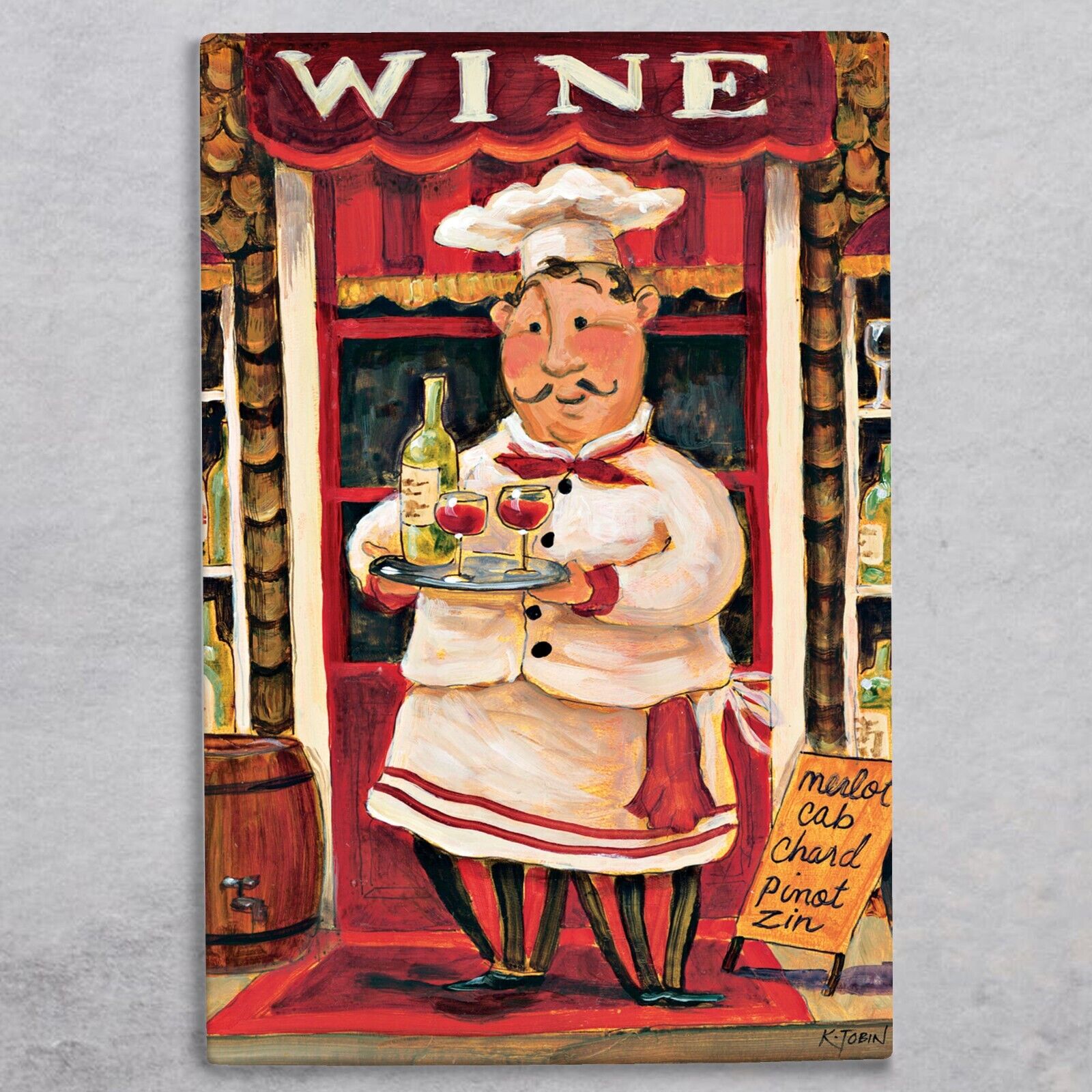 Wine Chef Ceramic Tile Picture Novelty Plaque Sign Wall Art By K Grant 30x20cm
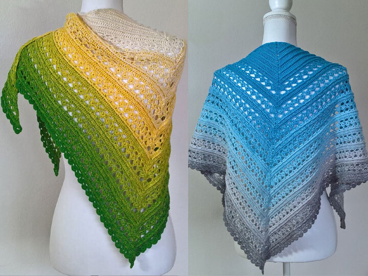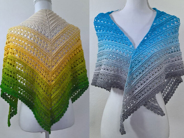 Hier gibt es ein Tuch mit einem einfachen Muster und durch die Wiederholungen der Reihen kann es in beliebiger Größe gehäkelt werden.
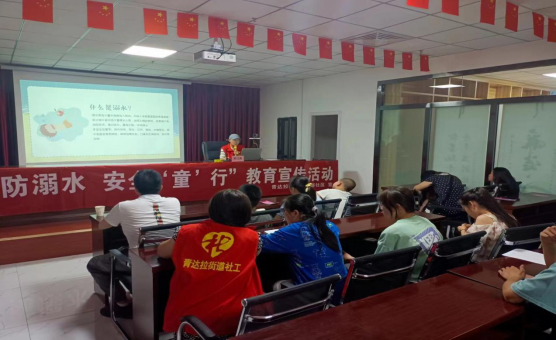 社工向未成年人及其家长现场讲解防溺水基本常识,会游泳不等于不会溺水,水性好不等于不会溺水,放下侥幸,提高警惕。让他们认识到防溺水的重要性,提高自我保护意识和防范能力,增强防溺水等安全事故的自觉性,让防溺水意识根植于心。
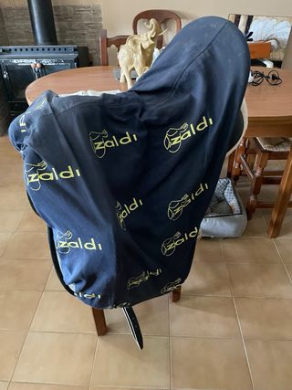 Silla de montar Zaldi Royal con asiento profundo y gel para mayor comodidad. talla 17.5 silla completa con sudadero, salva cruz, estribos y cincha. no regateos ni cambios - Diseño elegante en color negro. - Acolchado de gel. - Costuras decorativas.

------------------------------------

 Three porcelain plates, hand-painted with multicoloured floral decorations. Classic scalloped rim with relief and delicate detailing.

------------------------------------

An exact copy is needed of the stretch above that opens with the line containing "社工向未成年人及其家长现场讲" and closes with the line containing "Silla de montar"; the pictures are not part of it.

ANSWER SPACE:
 社工向未成年人及其家长现场讲解防溺水基本常识,会游泳不等于不会溺水,水性好不等于不会溺水,放下侥幸,提高警惕。让他们认识到防溺水的重要性,提高自我保护意识和防范能力,增强防溺水等安全事故的自觉性,让防溺水意识根植于心。
 Silla de montar Zaldi Royal con asiento profundo y gel para mayor comodidad. talla 17.5 silla completa con sudadero, salva cruz, estribos y cincha. no regateos ni cambios - Diseño elegante en color negro. - Acolchado de gel. - Costuras decorativas.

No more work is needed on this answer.